# EXTRACTED ENTRIES
=== Begin Enclosure ===

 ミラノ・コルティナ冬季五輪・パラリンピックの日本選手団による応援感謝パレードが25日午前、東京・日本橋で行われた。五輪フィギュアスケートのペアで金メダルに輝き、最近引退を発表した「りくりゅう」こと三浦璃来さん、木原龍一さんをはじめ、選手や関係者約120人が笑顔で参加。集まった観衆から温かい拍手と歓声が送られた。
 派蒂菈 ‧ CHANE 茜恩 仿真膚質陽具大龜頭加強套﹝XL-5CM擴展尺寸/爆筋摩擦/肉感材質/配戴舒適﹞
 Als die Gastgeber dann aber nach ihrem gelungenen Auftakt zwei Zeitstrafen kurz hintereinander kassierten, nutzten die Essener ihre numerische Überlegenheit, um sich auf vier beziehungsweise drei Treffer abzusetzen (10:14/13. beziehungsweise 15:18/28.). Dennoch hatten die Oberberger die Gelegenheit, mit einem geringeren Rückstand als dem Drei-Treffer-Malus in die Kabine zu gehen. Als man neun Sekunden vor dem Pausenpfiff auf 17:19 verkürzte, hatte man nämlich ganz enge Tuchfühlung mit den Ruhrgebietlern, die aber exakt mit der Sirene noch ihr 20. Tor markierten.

=== End Enclosure ===
=== Begin Enclosure ===

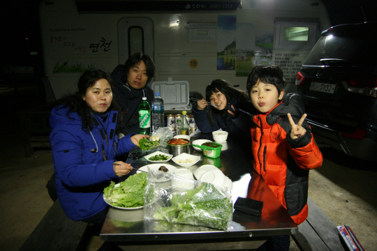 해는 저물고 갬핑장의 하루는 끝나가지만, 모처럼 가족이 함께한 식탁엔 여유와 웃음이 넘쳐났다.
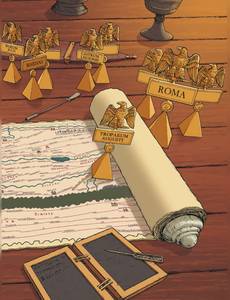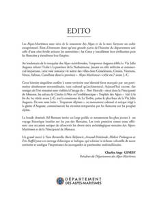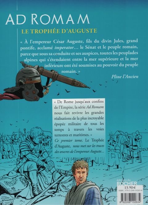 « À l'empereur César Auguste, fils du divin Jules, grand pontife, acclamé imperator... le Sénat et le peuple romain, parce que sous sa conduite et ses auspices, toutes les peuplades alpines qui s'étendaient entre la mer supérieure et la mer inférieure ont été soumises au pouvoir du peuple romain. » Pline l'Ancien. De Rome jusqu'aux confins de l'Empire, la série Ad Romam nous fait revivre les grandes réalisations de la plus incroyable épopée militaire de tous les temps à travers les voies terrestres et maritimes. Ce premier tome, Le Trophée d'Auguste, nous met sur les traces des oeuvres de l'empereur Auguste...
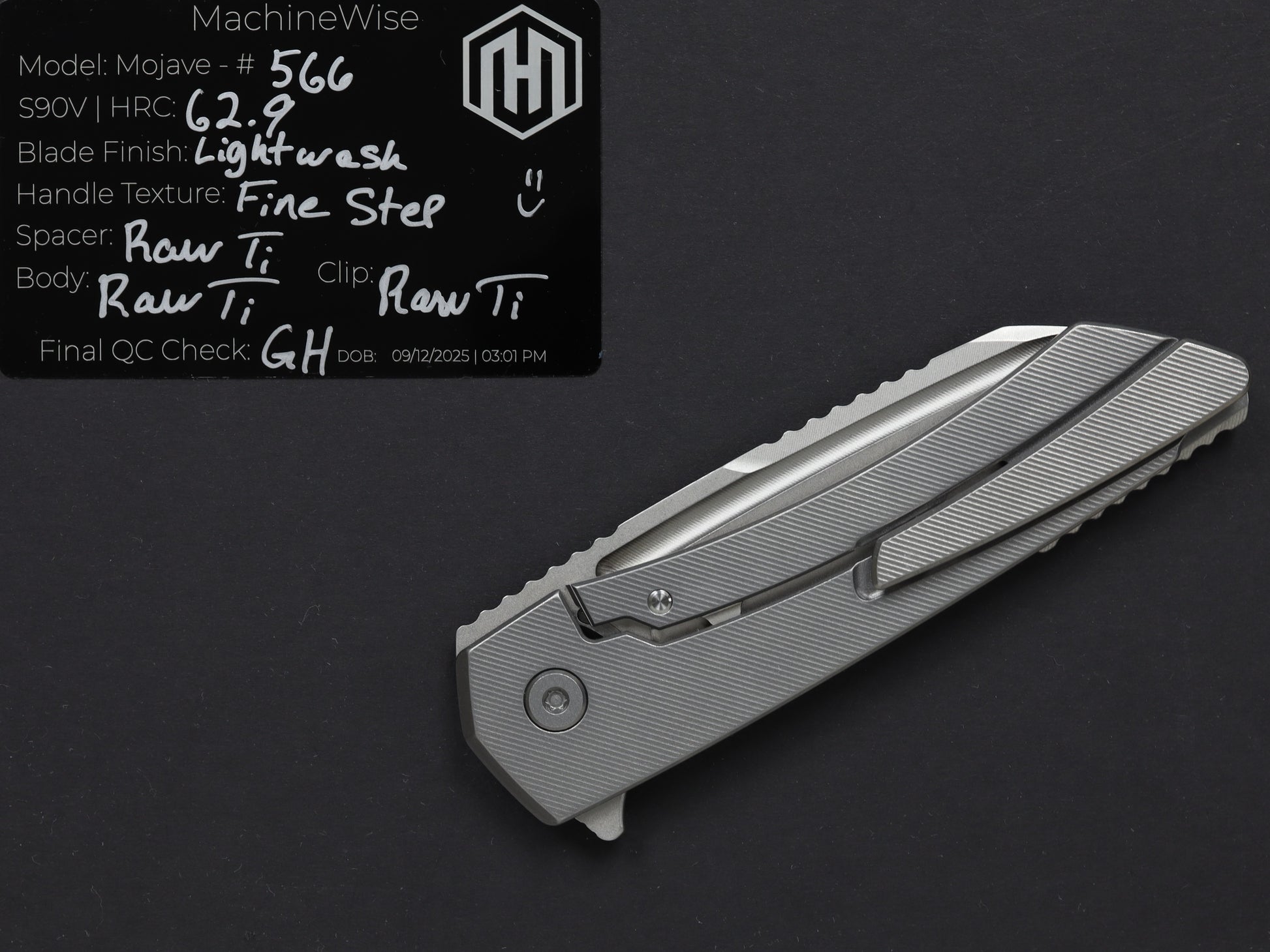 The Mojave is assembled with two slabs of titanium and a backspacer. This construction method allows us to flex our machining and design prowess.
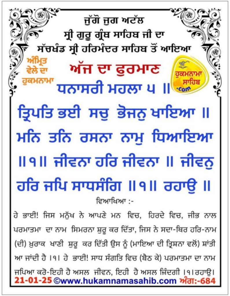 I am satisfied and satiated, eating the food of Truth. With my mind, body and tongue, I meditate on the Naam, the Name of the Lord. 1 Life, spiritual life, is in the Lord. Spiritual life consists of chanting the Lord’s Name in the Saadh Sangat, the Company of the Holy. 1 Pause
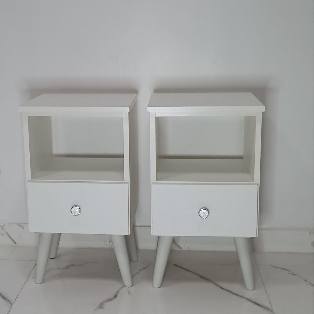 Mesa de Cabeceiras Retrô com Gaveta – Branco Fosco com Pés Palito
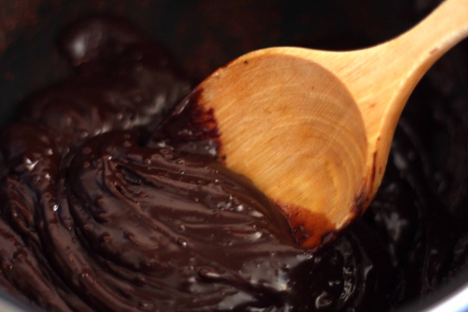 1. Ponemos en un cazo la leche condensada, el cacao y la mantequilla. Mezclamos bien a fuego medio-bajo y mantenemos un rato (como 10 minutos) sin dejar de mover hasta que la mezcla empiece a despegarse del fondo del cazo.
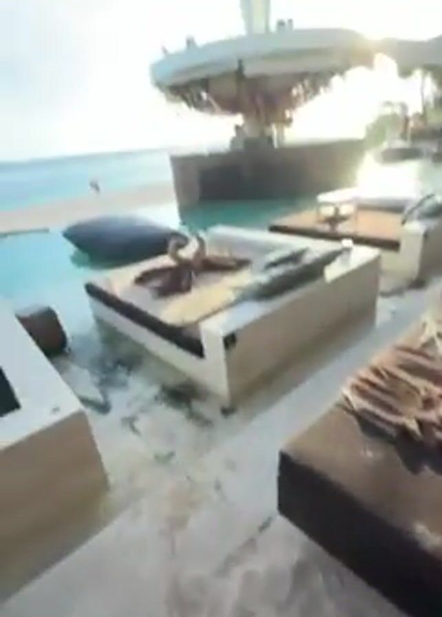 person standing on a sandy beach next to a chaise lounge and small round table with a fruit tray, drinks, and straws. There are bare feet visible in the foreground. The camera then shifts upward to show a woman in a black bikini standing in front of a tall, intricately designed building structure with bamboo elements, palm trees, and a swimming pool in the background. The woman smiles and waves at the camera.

=== End Enclosure ===

# WORK REQUIRED
The material above holds pictures; leave them out and set down exactly the lines from the line with "The Mojave is" to the line with "1. Ponemos en", both included.

# OUTPUT OF THE TASK
 The Mojave is assembled with two slabs of titanium and a backspacer. This construction method allows us to flex our machining and design prowess.
 I am satisfied and satiated, eating the food of Truth. With my mind, body and tongue, I meditate on the Naam, the Name of the Lord. 1 Life, spiritual life, is in the Lord. Spiritual life consists of chanting the Lord’s Name in the Saadh Sangat, the Company of the Holy. 1 Pause
 Mesa de Cabeceiras Retrô com Gaveta – Branco Fosco com Pés Palito
 1. Ponemos en un cazo la leche condensada, el cacao y la mantequilla. Mezclamos bien a fuego medio-bajo y mantenemos un rato (como 10 minutos) sin dejar de mover hasta que la mezcla empiece a despegarse del fondo del cazo.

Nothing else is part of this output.